The pap smear database, which covers the total cell and permits all features to be obtained, was used to create a baseline comparison for the total trial. After the proper features have been recovered, The HO-SsNF methodology, is a comprehensive approach that combines elements from hierarchical optimization, self-organization, and neuro-fuzzy systems to enhance the training and performance of neural networks. In this methodology, the training process begins by creating training patterns without applying fuzzy measures to the membership functions of each input parameter, resulting in an equal number of rules for each input parameter’s fuzzy sets. The actual training then occurs over 50000-time steps, with the HO algorithm fine-tuning the subsequent portions of the network. Following training, the system typically exhibits seven output categories and eight input clusters. The fuzzy rule is applied using a Gaussian membership degree function to categorize errors into small, medium, and large values. Finally, the fuzzy rule output is fed to the subsequent layer-shaded node, with other parameters derived from the input node. This methodology provides a structured and effective approach to training neural networks with fuzzy logic, enabling them to learn complex patterns and relationships in the data. Furthermore, a summation of all variables is given in the next part, and finally, classify the type of diseases. (a) intermediate squamous, (b) normal columnar, (c) normal squamous, (d) HGD, (e) LGD, (f) moderate dysplasia, and (g) Carcinoma in situ. Table 4 shows the obtained segmented health consequences for input medical images using the given methodologies.
4.3 Comparative analysis
We have compared the proposed method with other conventional approaches, namely CNN-DTCWT (16), SEENS (18), and CNN-ELM (21), using standard performance evaluation metrics such as Sensitivity/Recall, Accuracy, Precision/Positive Predictive Value (PPV), Specificity, and Negative Predictive Value (NPV). The performance of both the proposed and existing methods was assessed under varying learning percentages, as illustrated in Figures 5A–E.

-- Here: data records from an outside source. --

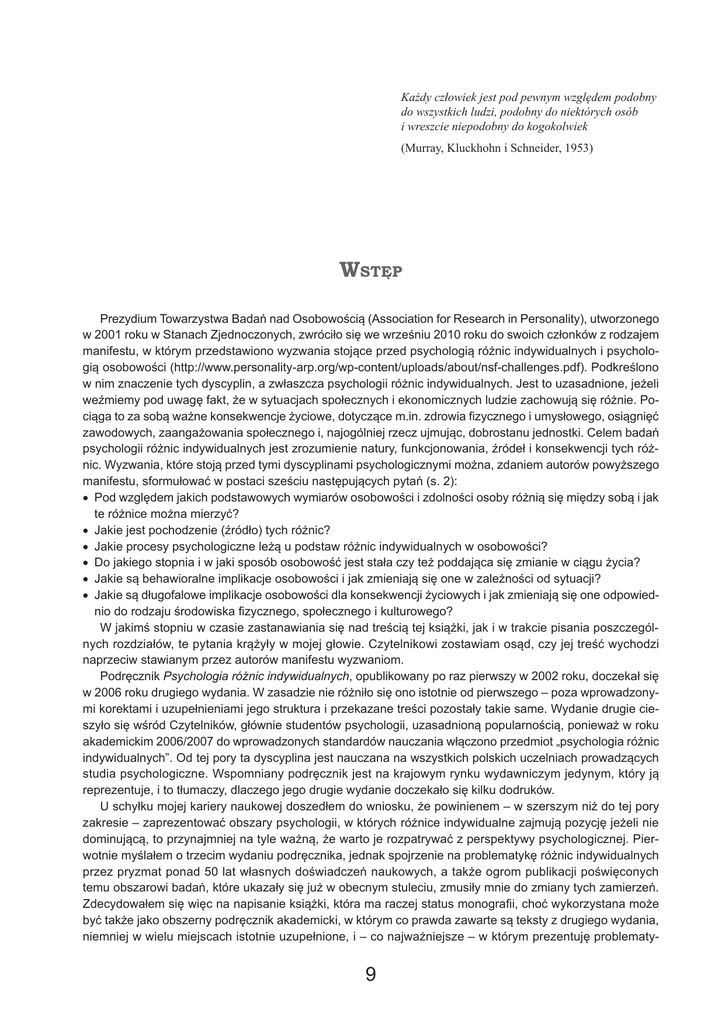 Każdy człowiek jest pod pewnym względem podobny do wszystkich ludzi, podobny do niektórych osób i wreszcie niepodobny do kogokolwiek (Murray, Kluckhohn i Schneider, 1953) Wstęp Wstęp Prezydium Towarzystwa Badań nad Osobowością (Association for Research in Personality), utworzonego w 2001 roku w Stanach Zjednoczonych, zwróciło się we wrześniu 2010 roku do swoich członków z rodzajem manifestu, w którym przedstawiono wyzwania stojące przed psychologią różnic indywidualnych i psychologią osobowości (http://www.personality-arp.org/wp-content/uploads/about/nsf-challenges.pdf). Podkreślono w nim znaczenie tych dyscyplin, a zwłaszcza psychologii różnic indywidualnych. Jest to uzasadnione, jeżeli weźmiemy pod uwagę fakt, że w sytuacjach społecznych i ekonomicznych ludzie zachowują się różnie. Pociąga to za sobą ważne konsekwencje życiowe, dotyczące m.in. zdrowia fizycznego i umysłowego, osiągnięć zawodowych, zaangażowania społecznego i, najogólniej rzecz ujmując, dobrostanu jednostki. Celem badań psychologii różnic indywidualnych jest zrozumienie natury, funkcjonowania, źródeł i konsekwencji tych różnic. Wyzwania, które stoją przed tymi dyscyplinami psychologicznymi można, zdaniem autorów powyższego manifestu, sformułować w postaci sześciu następujących pytań (s. 2): • Pod względem jakich podstawowych wymiarów osobowości i zdolności osoby różnią się między sobą i jak te różnice można mierzyć? • Jakie jest pochodzenie (źródło) tych różnic? • Jakie procesy psychologiczne leżą u podstaw różnic indywidualnych w osobowości? • Do jakiego stopnia i w jaki sposób osobowość jest stała czy też poddająca się zmianie w ciągu życia? • Jakie są behawioralne implikacje osobowości i jak zmieniają się one w zależności od sytuacji? • Jakie są długofalowe implikacje osobowości dla konsekwencji życiowych i jak zmieniają się one odpowiednio do rodzaju środowiska fizycznego, społecznego i kulturowego? W jakimś stopniu w czasie zastanawiania się nad treścią tej książki, jak i w trakcie pisania poszczególnych rozdziałów, te pytania krążyły w mojej głowie. Czytelnikowi zostawiam osąd, czy jej treść wychodzi naprzeciw stawianym przez autorów manifestu wyzwaniom. Podręcznik Psychologia różnic indywidualnych, opublikowany po raz pierwszy w 2002 roku, doczekał się w 2006 roku drugiego wydania. W zasadzie nie różniło się ono istotnie od pierwszego – poza wprowadzonymi korektami i uzupełnieniami jego struktura i przekazane treści pozostały takie same. Wydanie drugie cieszyło się wśród Czytelników, głównie studentów psychologii, uzasadnioną popularnością, ponieważ w roku akademickim 2006/2007 do wprowadzonych standardów nauczania włączono przedmiot „psychologia różnic indywidualnych”. Od tej pory ta dyscyplina jest nauczana na wszystkich polskich uczelniach prowadzących studia psychologiczne. Wspomniany podręcznik jest na krajowym rynku wydawniczym jedynym, który ją reprezentuje, i to tłumaczy, dlaczego jego drugie wydanie doczekało się kilku dodruków. U schyłku mojej kariery naukowej doszedłem do wniosku, że powinienem – w szerszym niż do tej pory zakresie – zaprezentować obszary psychologii, w których różnice indywidualne zajmują pozycję jeżeli nie dominującą, to przynajmniej na tyle ważną, że warto je rozpatrywać z perspektywy psychologicznej. Pierwotnie myślałem o trzecim wydaniu podręcznika, jednak spojrzenie na problematykę różnic indywidualnych przez pryzmat ponad 50 lat własnych doświadczeń naukowych, a także ogrom publikacji poświęconych temu obszarowi badań, które ukazały się już w obecnym stuleciu, zmusiły mnie do zmiany tych zamierzeń. Zdecydowałem się więc na napisanie książki, która ma raczej status monografii, choć wykorzystana może być także jako obszerny podręcznik akademicki, w którym co prawda zawarte są teksty z drugiego wydania, niemniej w wielu miejscach istotnie uzupełnione, i – co najważniejsze – w którym prezentuję problematy- 9 10 Wstęp kę różnic indywidualnych wykraczającą poza inteligencję, osobowość, temperament i style. Poświęciłem mianowicie oddzielne rozdziały różnicom indywidualnym w takich obszarach, jak inteligencja emocjonalna, kreatywność i zachowanie zwierząt. W ten oto sposób objętość tej publikacji zwiększyła się w stosunku do Psychologii różnic indywidualnych niemal trzykrotnie. Tam, gdzie było to uzasadnione, wykorzystałem teksty już wcześniej przeze mnie opublikowane, co dotyczy przede wszystkim takich moich książek, jak: Psychologia inteligencji (1997), Psychologia temperamentu (2001), a także rozdziałów mojego autorstwa w II tomie redagowanego przeze mnie trzytomowego podręcznika Psychologia: podręcznik akademicki (2000), jak również rozdziału „Psychologia różnic indywidualnych” w dwutomowym podręczniku Psychologia akademicka: podręcznik (2010; red. Strelau i Doliński) napisanego wspólnie z Bogdanem Zawadzkim, którego, odwołując się do tego rozdziału, cytuję. Poza faktem, że wprowadziłem do niniejszej publikacji nową problematykę różnic indywidualnych, pragnę podkreślić również inne jej osobliwości. Wyróżnikiem tej książki – jest to, że prezentowane w niej zagadnienia zostały ujęte z punktu widzenia typowego dla koncepcji cech. Cecha, czy to rozumiana jako względnie stała tendencja do określonych zachowań wyrażająca się w spójnych z nią sytuacjach, czy też jako typowa dla jednostki możliwość efektywnego funkcjonowania (zdolność) w różnych sferach działalności, jest dla psychologii różnic indywidualnych pojęciem kluczowym. Książka zawiera dużą liczbę ramek – w wielu z nich przedstawiam warsztat badawczy leżący u podstaw omawianej problematyki. To uzasadnia dlaczego tę książkę traktować można jako monografię. Umieściłem je z m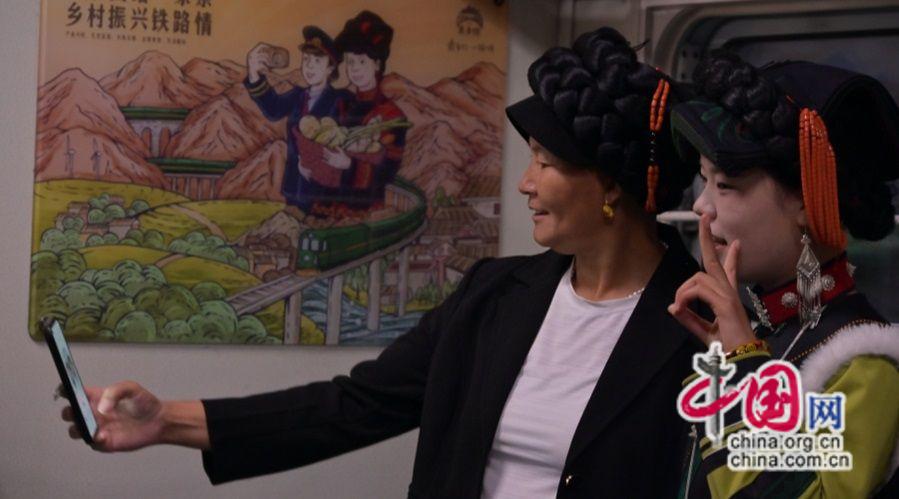 沿途,每當(dāng)列車停靠在車站等待的時間,彝族老鄉(xiāng)在鐵路工作人員的協(xié)同配合下搬起水果,牽起牛羊,抱起雞鴨放進一節(jié)節(jié)行李車廂上,慢火車的貨架上擺滿了農(nóng)產(chǎn)品。車廂里,人們互相交談,圍坐在一起放聲歌唱,好不熱鬧,歡樂的聲音從車廂內(nèi)傳出,像是在向廣袤的山川大地宣告著彝歷新年的盛事。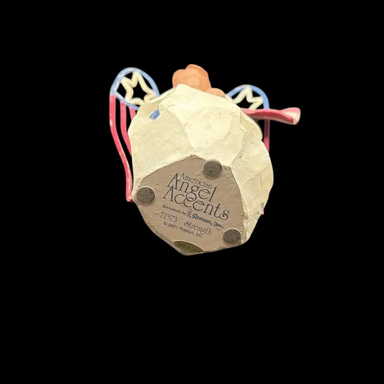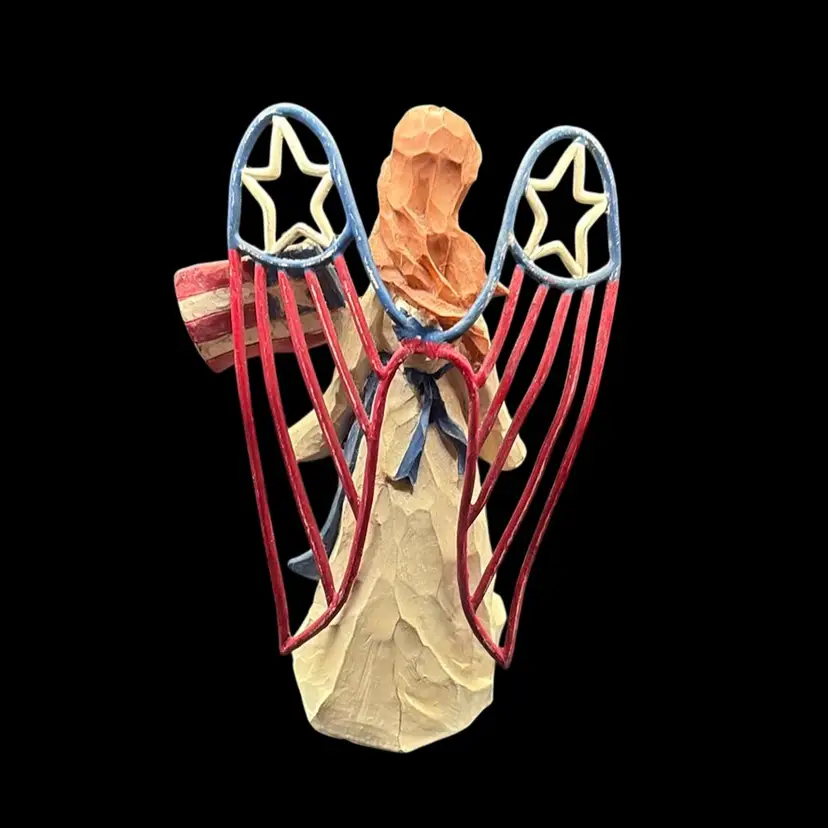 Angel figurine made of resin and features a carved, folk-art style look. 7.25” tall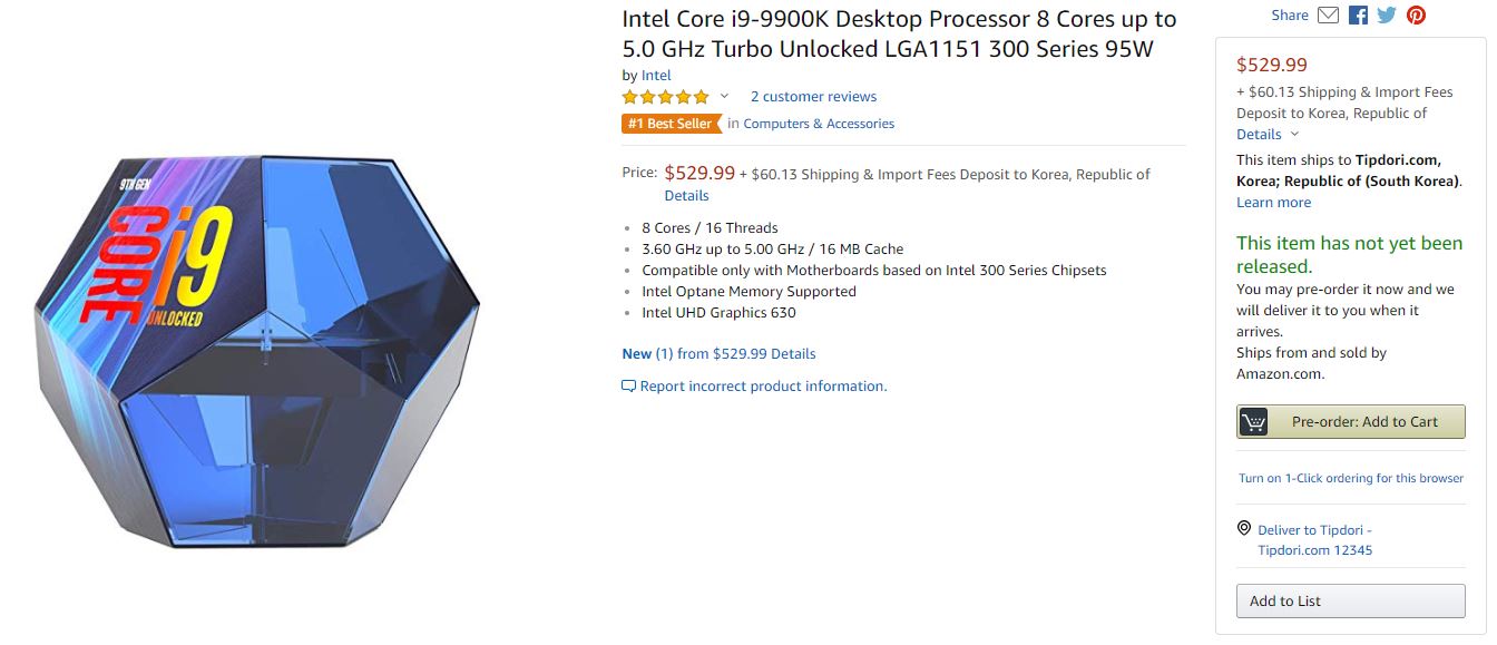 [해외직구] 인텔 i9-9900K 아마존 직구 판매 시작~!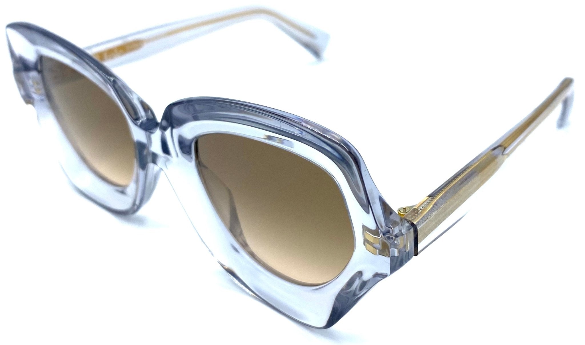 Glasses in transparent colored sheet with a square design with unbreakable brown shaded lenses with UV protection
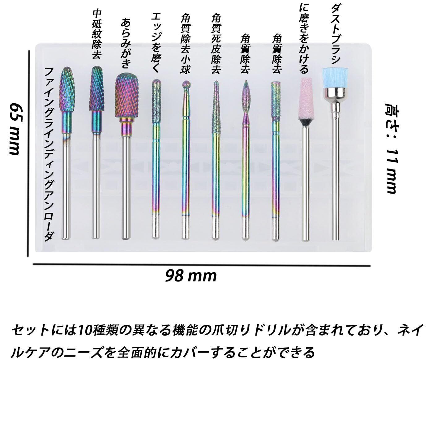 10種類のドリルの組み合わせ、多機能ネイルケア:セットには10種類の異なる機能の爪切りドリルが含まれており、ネイルケアのニーズを全面的にカバーすることができる——甘皮処理、爪の側面修正、またはネイルケア、研磨研磨研磨、爪の表面ケアから縁の手入れまで簡単に対応でき、プロのネイリストも初心者も使用でき、自宅でサロン級のネイルケアの完成効果を楽しむことができる
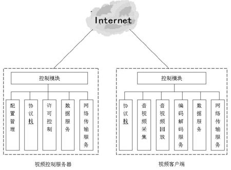 視頻會議系統(tǒng)一般由視頻控制服務器、會議客戶端軟件以及IP傳輸網絡系統(tǒng)組成(如圖1所示)。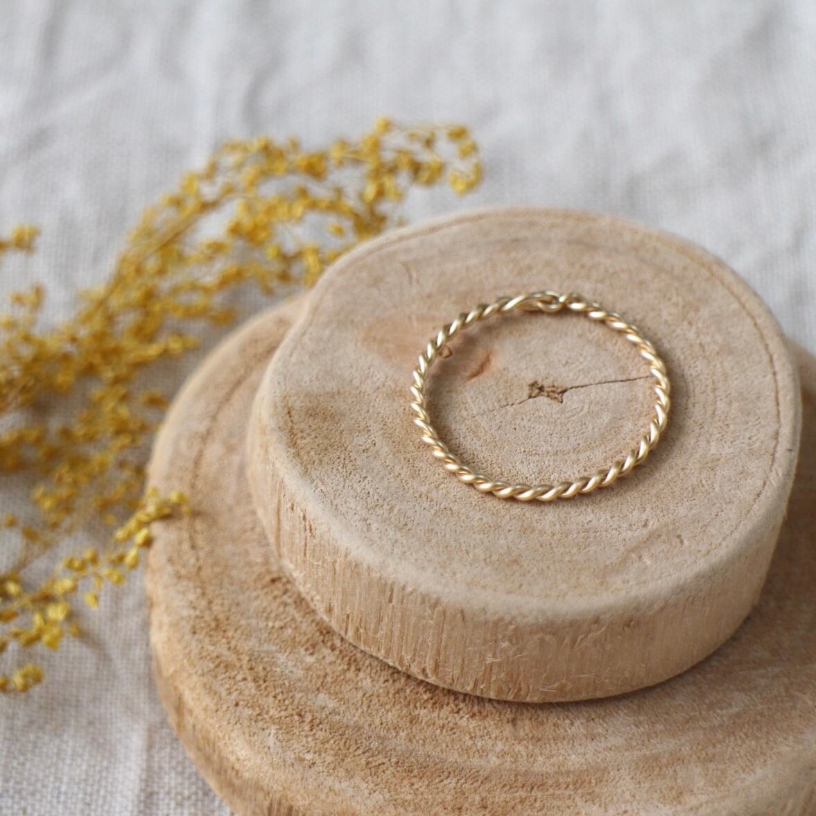 14kgf(ゴールドフィルド)は、真鍮の芯に14金を高熱で圧着させた素材で、金の層が厚く、剥がれにくいのが特長です。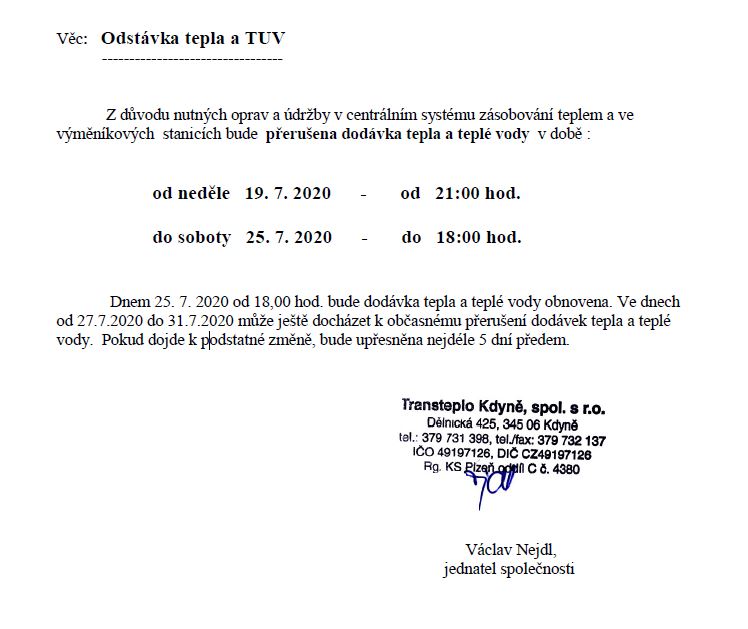 Transteplo Kdyně oznamuje, že z důvodu nutných oprav a údržby v centrálním systému zásobování teplem a ve výměníkových stanicích bude přerušena dodávka tepla a teplé vody.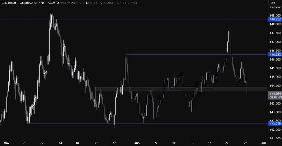 در چارت روزانه مشاهده میکنیم که جفتارز USDJPY به سمت کف محدوده اخیر در سطح ۱۴۲.۳۵ میل میکند. در این نقطه انتظار میرود خریداران با ریسک مشخص زیر این سطح وارد بازار شوند تا برای رشد دوباره به سمت مقاومت ۱۴۸.۲۸ موقعیتگیری کنند. در مقابل، فروشندگان منتظر شکسته شدن این سطح هستند تا فشار فروش را بر روی سطح بعدی یعنی ۱۴۰.۰۰ افزایش دهند.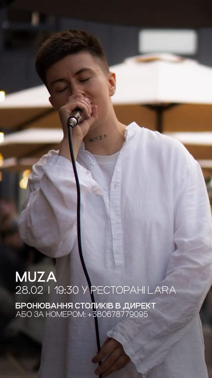 На вас чекає ніжний, мелодійний вечір, що огорне атмосферою та теплом, адже в LaRA співатиме MUZA.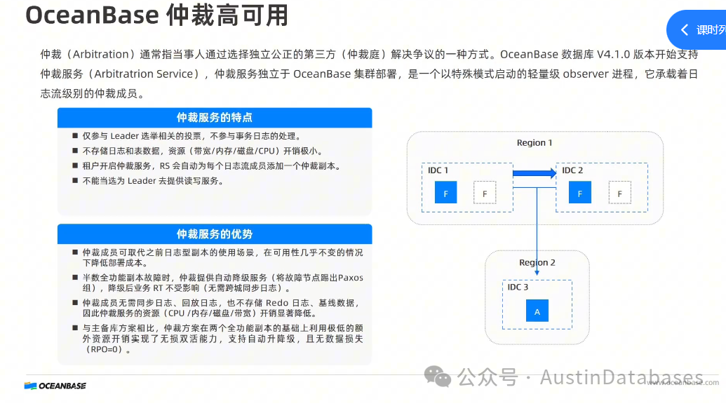 OceanBase V4 版本引入了仲裁服务,作为一种新的高可用机制。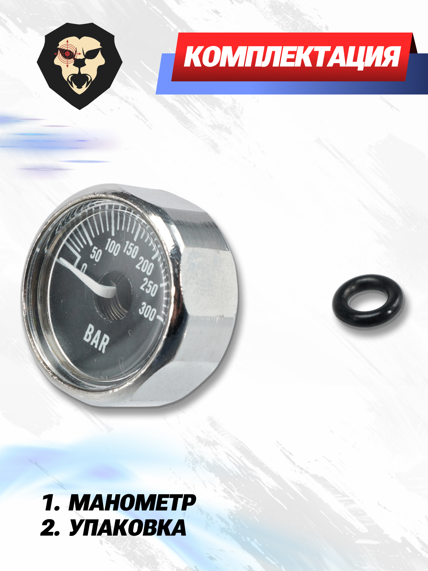 Оружие, использующее воздух высокого давления, нуждается в четком контроле. Манометр Крюгерган ПСП отображает закачку от 0 до 300 Бар.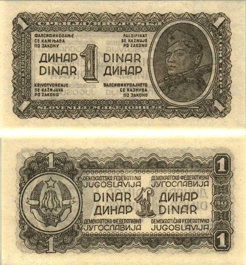 ЮГОСЛАВИЯ 1 ДИНАР 1944 ТОНКАЯ БУМАГА, БЕЗ ЗАЩИТНОЙ ПОЛОСЫ, ДЕМОКРАТИЧЕСКАЯ ФЕДЕРАТИВНАЯ ЮГОСЛАВИЯ Pick 48b бумага UNC (ПРЕСС) 7547-16-1-1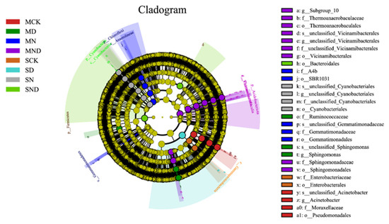 To analyze the specific taxonomic groups of bacteria in different treatment groups, linear discriminant analysis (LDA) effect size (LEfSe) difference analysis was performed to select biomarkers from the phylum to the genus level. The analysis showed that in the sterilization and non-sterilization treatment, each treatment group had characteristic biological species. These tended to be concentrated in Proteobacteria, Acidobacteria and Bacteroidetes. Under sterilized conditions, Gemmatimonadales and SBR1031 were significantly enriched in the nitrogen addition group (MN). In the nitrogen addition group (MND) under water deficit, sphingomonas, sulphurococcus, and thermoaerophilic bacteria were significantly enriched. Under non-sterile conditions, the enrichment of Pseudomonas in nitrogen addition group (N) was significant; in the water deficit nitrogen addition group (ND), cyanobacteria were significantly enriched (Figure 9).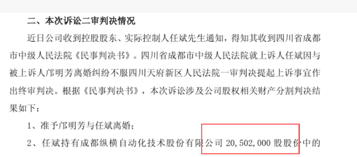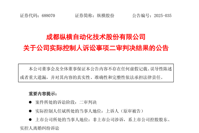 2025年7月,纵横股份(688070)发布公告,公司实控人任斌的离婚诉讼迎来二审判决。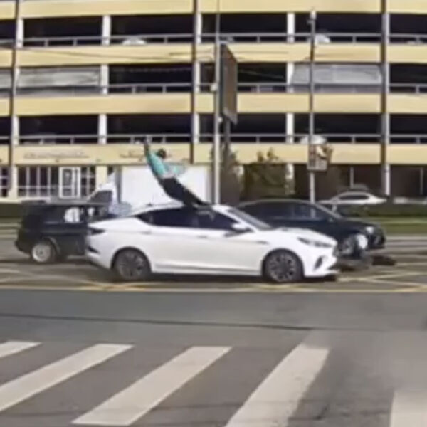 От удара курьер взлетел в воздух и упал на проезжую часть. О состоянии пострадавшего не сообщается.

Figure 5 Performance of proposed method and existing method by varying the learning percentage (A) Accuracy, (B) Sensitivity/Recall, (C) Precision/PPV, (D) Specificity, and (E) NPV.
The analysis demonstrates that our proposed method consistently outperforms the previous models in terms of achieving higher values for these performance metrics when the learning percentages are tuned. It’s worth noting that the learning percentage refers to the portion of data used to update the model weights during training. In essence, the learning rate, a hyperparameter, governs the extent to which the model adjusts itself in response to predicted errors.
While increasing the learning percentage, the metrics values are also improved in the proposed method. n addition, Figure 6 shows the performance appraisal of segmentation findings. The standard CNN-DTCWT has an accuracy of 99.2%, SEENS has an accuracy of 99.50%, and CNN-ELM has an accuracy of 99.7%, which is below the proposed technique of 99.98.
Figure 6 The performance appraisal of segmentation findings of Sensitivity/Recall, accuracy, and specificity.
On the other hand, the new method outperformed the existing method, achieving a precision of 0.999. Similarly, the results reveal that the suggested method outperforms previous segmentation strategies regarding sensitivity/recall, precision/PPV, specificity, and NPV.
The comparison of the system’s Precision (PPV) and Negative Predictive Value (NPV) to traditional approaches, as depicted in Figure 7, highlights the enhanced reliability of the suggested system over previous techniques. This section further delves into the comparison by contrasting the classification results with the most recent approach. Table 4 serves as a comprehensive platform for these comparisons, demonstrating the superior performance of the suggested strategy over state-of-the-art solutions across various scenarios. In assessing performance, the study employs a range of metrics including accuracy, sensitivity (recall), precision (PPV), specificity, and NPV. Through these comparisons, Table 5 underscores the superior performance and value of the proposed approach compared to established methodologies, establishing it as a promising advancement in the field of cervical cancer identification.
4.4 Discussions
In the past decade, several models for cervical cancer detection have emerged, exhibiting varying performance based on dataset and methodology. While some conventional methods have proven effective, they rely on manually crafted features and clinical expertise for accuracy. In contrast, deep learning-based approaches have introduced new challenges in medical image segmentation and classification.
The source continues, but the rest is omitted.